Why Food Sensitivities Appear in Perimenopause

woman wearing blue seater holding stomach

Food Sensitivities and Perimenopause

Food sensitivities are not exclusive to perimenopause, but many women find that they become more pronounced or develop new sensitivities during this stage of life. Suddenly, foods that were once dietary staples become problematic. Let's shed some light on the complex interaction between physiological changes and dietary sensitivities.
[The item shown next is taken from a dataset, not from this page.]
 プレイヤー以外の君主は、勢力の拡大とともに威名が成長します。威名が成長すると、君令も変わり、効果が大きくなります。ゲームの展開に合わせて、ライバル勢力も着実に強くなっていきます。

Understanding Food Intolerances

There is a difference between food intolerances and allergies. Unlike allergies, which prompt immune responses, intolerances appear as challenges in digesting specific foods. While small quantities of the offending substance may be tolerable, significant exposure can trigger adverse reactions.

Symptoms and Causes

The range of symptoms associated with food intolerances extends well beyond gastrointestinal discomfort, including migraines, headaches, nasal congestion, and weight gain. Various factors contribute to these intolerances, such as:

  • enzyme deficiencies

  • heightened stress levels

  • sensitivities to food additives or naturally occurring chemicals

  • underlying inflammation within the gastrointestinal tract.

Woman painful holding stomach in bed

The Perimenopause Connection

Hormonal Changes: Estrogen is crucial in regulating various bodily functions, including digestion and immune response. As estrogen levels fluctuate during perimenopause, it can impact the gastrointestinal tract, making it more susceptible to inflammation and altering the body's response to certain foods.
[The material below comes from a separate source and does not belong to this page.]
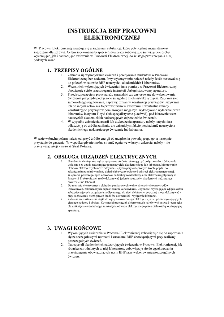 INSTRUKCJA BHP PRACOWNI ELEKTRONICZNEJ W Pracowni Elektronicznej znajdują się urządzenia i substancje, które potencjalnie mogą stanowić zagrożenie dla zdrowia. Celem zapewnienia bezpieczeństwa pracy zobowiązuje się wszystkie osoby wykonujące, jak i nadzorujące ćwiczenia w Pracowni Elektronicznej do ścisłego przestrzegania niżej podanych zasad. 1. PRZEPISY OGÓLNE 1. 2. 3. 4. Zabrania się wykonywania ćwiczeń i przebywania studentów w Pracowni Elektronicznej bez nadzoru. Przy wykonywaniu poleceń należy ściśle stosować się do poleceń w zakresie BHP nauczycieli akademickich i laborantów. Wszystkich wykonujących ćwiczenia i inne pomiary w Pracowni Elektronicznej obowiązuje ścisłe przestrzeganie instrukcji obsługi stosowanej aparatury. Przed rozpoczęciem pracy należy sprawdzić czy zastosowane do wykonywania ćwiczenia przyrządy podłączone są zgodnie z ich instrukcją użycia. Zabrania się: samowolnego regulowania, naprawy, zmian w konstrukcji przyrządów i używania ich do innych celów niż to przewidziano w ćwiczeniu. Ewentualne zmiany konstrukcyjne przyrządów pomiarowych mogą być wykonywane wyłącznie przez laborantów Instytutu Fizyki (lub specjalistyczne placówki), pod kierownictwem nauczycieli akademickich nadzorujących odpowiednie ćwiczenia. W wypadku zaistnienia awarii lub uszkodzenia aparatury należy natychmiast odłączyć ją od źródła zasilania, a o zaistniałym fakcie powiadomić nauczyciela akademickiego nadzorującego ćwiczenie lub laboranta. W razie wybuchu pożaru należy odłączyć źródło energii od urządzenia powodującego go, a następnie przystąpić do gaszenia. W wypadku gdy nie można stłumić ognia we własnym zakresie, należy - nie przerywając akcji - wezwać Straż Pożarną. 2. OBSŁUGA URZĄDZEŃ ELEKTRYCZNYCH 1. 2. 3. Urządzenia elektryczne wykorzystywane do ćwiczeń mogą być dołączane do źródła prądu wyłącznie za zgodą nadzorującego nauczyciela akademickiego lub laboranta. Montowanie układów elektrycznych może odbywać się tylko przy odłączonym źródle prądu. Po zakończeniu pomiarów należy układ elektryczny odłączyć od sieci elektroenergetycznej. Włączania poszczególnych obwodów na tablicy rozdzielczej sieci elektroenergetycznej w Pracowni Elektronicznej może dokonywać jedynie nauczyciel akademicki nadzorujący ćwiczenie lub laborant. Do montażu elektrycznych układów pomiarowych wolno używać tylko przewodów izolowanych, zakończonych odpowiednimi końcówkami. Czynności wymagające zdjęcia osłon zabezpieczających urządzenia podłączonego do sieci elektroenergetycznej mogą dokonywać przy zachowaniu niezbędnych środków ostrożności - wyłącznie laboranci. Zabrania się zastawiania dojść do wyłączników energii elektrycznej i urządzeń wymagających ciągłego nadzoru i obsługi. Czynności przełączeń elektrycznych należy wykonywać jedną ręką dla uniknięcia ewentualnego zamknięcia obwodu elektrycznego przez ciało osoby obsługującej aparaturę. 3. UWAGI KOŃCOWE 1. 2. Wykonujących ćwiczenia w Pracowni Elektronicznej zobowiązuje się do zapoznania się ze szczegółowymi normami i zasadami BHP obowiązującymi przy realizacji poszczególnych ćwiczeń. Nauczycieli akademickich nadzorujących ćwiczenia w Pracowni Elektronicznej, jak również zatrudnionych w niej laborantów, zobowiązuje się do egzekwowania przestrzegania obowiązujących norm BHP przy wykonywaniu poszczególnych ćwiczeń.

Gut Health: The gut microbiome, composed of trillions of bacteria and other microorganisms, plays a vital role in digestion, nutrient absorption, and immune function. Hormonal fluctuations during perimenopause can disrupt the balance of gut bacteria, leading to increased intestinal permeability (leaky gut) and heightened sensitivity to certain foods. Conversely, food intolerances can increase perimenopausal symptoms, creating a vicious cycle within the gastrointestinal tract.
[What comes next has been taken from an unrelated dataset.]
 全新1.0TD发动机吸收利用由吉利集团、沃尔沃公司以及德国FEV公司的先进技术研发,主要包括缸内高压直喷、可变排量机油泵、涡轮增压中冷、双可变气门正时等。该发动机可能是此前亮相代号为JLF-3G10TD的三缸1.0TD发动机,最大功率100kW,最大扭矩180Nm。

Metabolic Changes: As women age, their metabolism slows down, affecting how the body processes and metabolizes nutrients. This metabolic shift can influence how the body responds to certain foods, leading to digestive discomfort, bloating, and other symptoms commonly associated with food sensitivities.

The Most Common Foods that Cause Intolerances Are:

  • Lactose

  • Gluten

  • Caffeine

  • Food additives (including nitrates and MSG)

  • Histamines (fermented foods, avocados, and processed meats) 

  • FODMAPs (wheat, garlic, onions, and beans)

  • Sulfites (found in wine and pickles foods)

  • Fructose (found naturally in fruit and as an additive in processed food and beverages)

woman wiring in journal

Diagnosis and Management

It can be challenging to identify food intolerances. While tests like IgG intolerance assessments exist, diagnosing an allergy is still much more straightforward than diagnosing an intolerance. Here are some tips for navigating this journey:

Keep a Food Diary: Tracking your dietary intake and symptoms can help identify patterns and pinpoint specific foods that trigger discomfort or adverse reactions. Note any changes in symptoms during different phases of your menstrual cycle to better understand how hormonal fluctuations may influence your food sensitivities.

Experiment with Elimination Diets: Consider temporarily eliminating common trigger foods such as gluten, dairy, soy, eggs, and refined sugars from your diet to see if symptoms improve. Gradually reintroduce eliminated foods one at a time while monitoring your body's response to identify potential sensitivities.

Prioritize Gut Health: Support your digestive health by consuming a diverse range of fiber-rich foods, fermented foods, and probiotics to promote a healthy gut microbiome. Avoiding processed foods, excessive sugar, and alcohol can also help maintain gut integrity and reduce inflammation.

Manage Stress: Chronic stress can exacerbate digestive issues and lead to food sensitivities. Incorporate stress-reduction techniques such as mindfulness meditation, yoga, deep breathing exercises, or regular physical activity to promote relaxation and overall well-being.

When to Consult with a Healthcare Professional: If you're experiencing persistent or severe symptoms related to food sensitivities during perimenopause, seek guidance from a healthcare provider or registered dietitian. They can help develop a personalized treatment plan, conduct relevant tests, and offer dietary recommendations to alleviate discomfort and support hormonal balance.

Long-term Outlook

While some food intolerances may persist indefinitely, others can gradually disappear with proper dietary management and gut healing. Hormonal changes throughout perimenopause contribute to changes in how your body responds to and processes certain foods. Slow reintroduction of eliminated foods under supervision allows for identifying tolerated thresholds and minimizes the risk of symptom recurrence. 

Navigating food sensitivities during perimenopause can be challenging, but understanding the underlying factors contributing to these sensitivities is the first step toward finding relief. Adopting a holistic approach that addresses hormonal fluctuations, gut health, dietary habits, and stress management can empower you to manage symptoms effectively and optimize your overall health and well-being.